Dr. Cook’s research has focused on studying the environmental determinants of mobility disability in aging. Mobility is defined as the ability to move (walk) safely and independently in the environment. Mobility disability results from an interaction of the attributes of the individual (impairments and functional limitations) and attributes of the environment that constrain walking. In order to examine how attributes of the environment contribute to mobility disability in older adults, she developed with colleagues at the National Institute on Aging a model of the environment identifying features within the physical (natural or built) environment that affect the neural organization of a task related movement.
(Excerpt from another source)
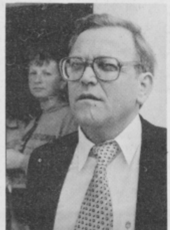
Večni iskalec lepote, borec za to, da bi vse, kar je naše, slovensko, ohranjali poznejšim rodovom...

Poklicno se je s kulturo pričel ukvarjati pred štirinajstimi leti kot sekretar KUS občine Slovenska Bistrica, sedaj pa je strokovni delavec pri bistrški ZKO. Problemi, ki jih na tem področju ni malo, so mu znani do vseh potankosti. Natanko ve, kje so ostanki naše kulturne in zgodovinske dediščine, ki jih je potrebno ohraniti za prihodnje rodove. Pri svojem prizadevanju je velikokrat naletel na ovire, ki so mu jih postavljali številni bodisi zaradi neznanja, zavisti ali pa kdo ve zaradi česa vsega, v preteklosti pa tudi zaradi čudne miselnosti, da je kultura »sama poraba«, ne pa nalozba v narod in njegovo ohranjanje. Rad pove, da ravno skozi kulturo narodne korenine poganjajo na novo.

The model encompasses eight dimensions which represent the spectrum of external demand that have to be met for an individual to be fully mobile within a community context. These dimensions include: distance, temporal characteristics (the need to walk at a certain speed, as for example when crossing a street controlled by a traffic light), ambient conditions (light and weather conditions), terrain characteristics (both the geometry and surface features), physical load (including static loads such as when opening a heavy door, and dynamic loads such as when carrying packages that shift), attentional demands (walking while talking to a travel companion, navigating in an unfamiliar environment), postural transitions (having to stop, start, change directions, stoop, reach and turn), and density (number of people and object in the immediate environment requiring collision avoidance).

Using this model Shumway-Cook and colleagues developed a self-report survey, Environmental Analysis of Mobility Questionnaire (EAMQ), to determine the frequency with which specific features in the environment are encountered versus avoided during routine trips into the community. The instrument was pilot tested with 54 older adults (>70 years), who were recruited from two sites (Waterloo, Ontario, Canada and Seattle, Washington) grouped according to level of physical function (elite, physically able and physically disabled). The self-report survey examined 24 features of the physical environment, grouped into the eight dimensions. Older adults were asked, On routine trips into the community, how often do you encounter...." Each encounter question was paired with an avoidance question On routine trips into the community, how often do you avoid...." Frequency of encounter/avoidance was reported using a five-point ordinal scale (never, rarely, sometimes, often, always). Frequency of encounter/avoidance was determined for each individual dimension, and in addition, a total encounter and avoidance score was calculated by summing across dimensions.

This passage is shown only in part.